Biskup lefebrysta Richard Williamson musi zapłacić 6,5 tys. euro grzywny za kłamstwo oświęcimskie - orzekł w poniedziałek sąd w Ratyzbonie, rozpatrując apelację od wyroku sądu pierwszej instancji. 71-letniego duchownego nie było na rozprawie.
Sprawa dotyczyła wywiadu, którego Williamson udzielił w 2008 roku szwedzkiej telewizji. Podał on w wątpliwość, że w hitlerowskich obozach koncentracyjnych istniały komory gazowe, i dodał, że naziści wymordowali nie sześć milionów Żydów, lecz 200-300 tys. Rozmowę tę nagrano w seminarium w Zaitzkofen koło Ratyzbony.
Zainteresował neonazistów
W zeszłym roku Williamson, formalnie oskarżony o przestępstwo podżegania, został skazany na 10 tys. euro grzywny. Prokuratura żądała grzywny w wysokości 12 tys. euro, zaś adwokat biskupa lefebrysty domagał się jego uniewinnienia, argumentując, że Williamson nie zgodził się na publikację wywiadu w Niemczech.

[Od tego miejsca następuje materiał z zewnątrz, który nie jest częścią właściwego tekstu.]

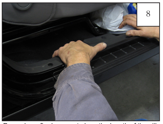
Press down firmly on part along the length of the sill.
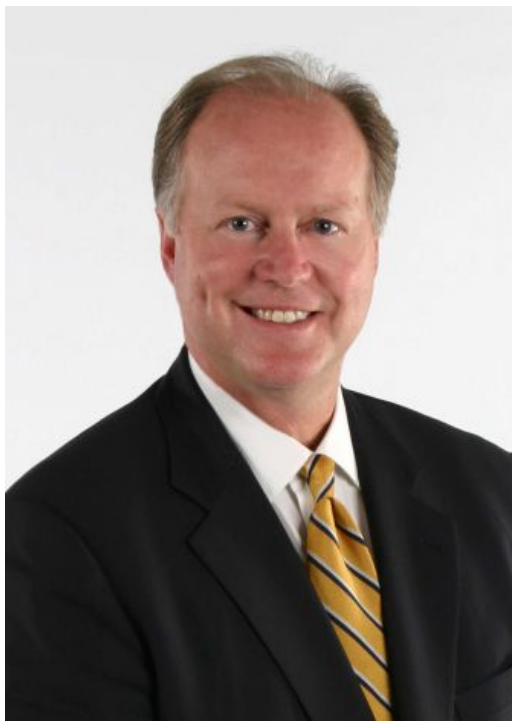
Bruce Baker

Zarówno prokuratura, jak i obrońcy oskarżonego odwołali się wówczas od wyroku sądu pierwszej instancji.
Jak informuje dziennik "Sueddeutsche Zeitung", proces Williamsona wywołał duże zainteresowanie wśród sympatyków organizacji neonazistowskich.
Wywiad wzburzył, a ekskomunika zdjęta
Skandal wokół wypowiedzi brytyjskiego duchownego wybuchł w styczniu 2009 roku, gdy papież Benedykt XVI zdjął ekskomunikę z czterech biskupów lefebrystów, w tym negacjonisty Williamsona. Rozmowę, w której Brytyjczyk kwestionował zbrodnię holokaustu, wyemitowano na krótko przed zdjęciem ekskomuniki z lefebrystów.
Watykan został ostro skrytykowany za tę decyzję, choć - jak twierdził - nie miał wiedzy o skandalicznym wywiadzie, udzielonym przez Williamsona.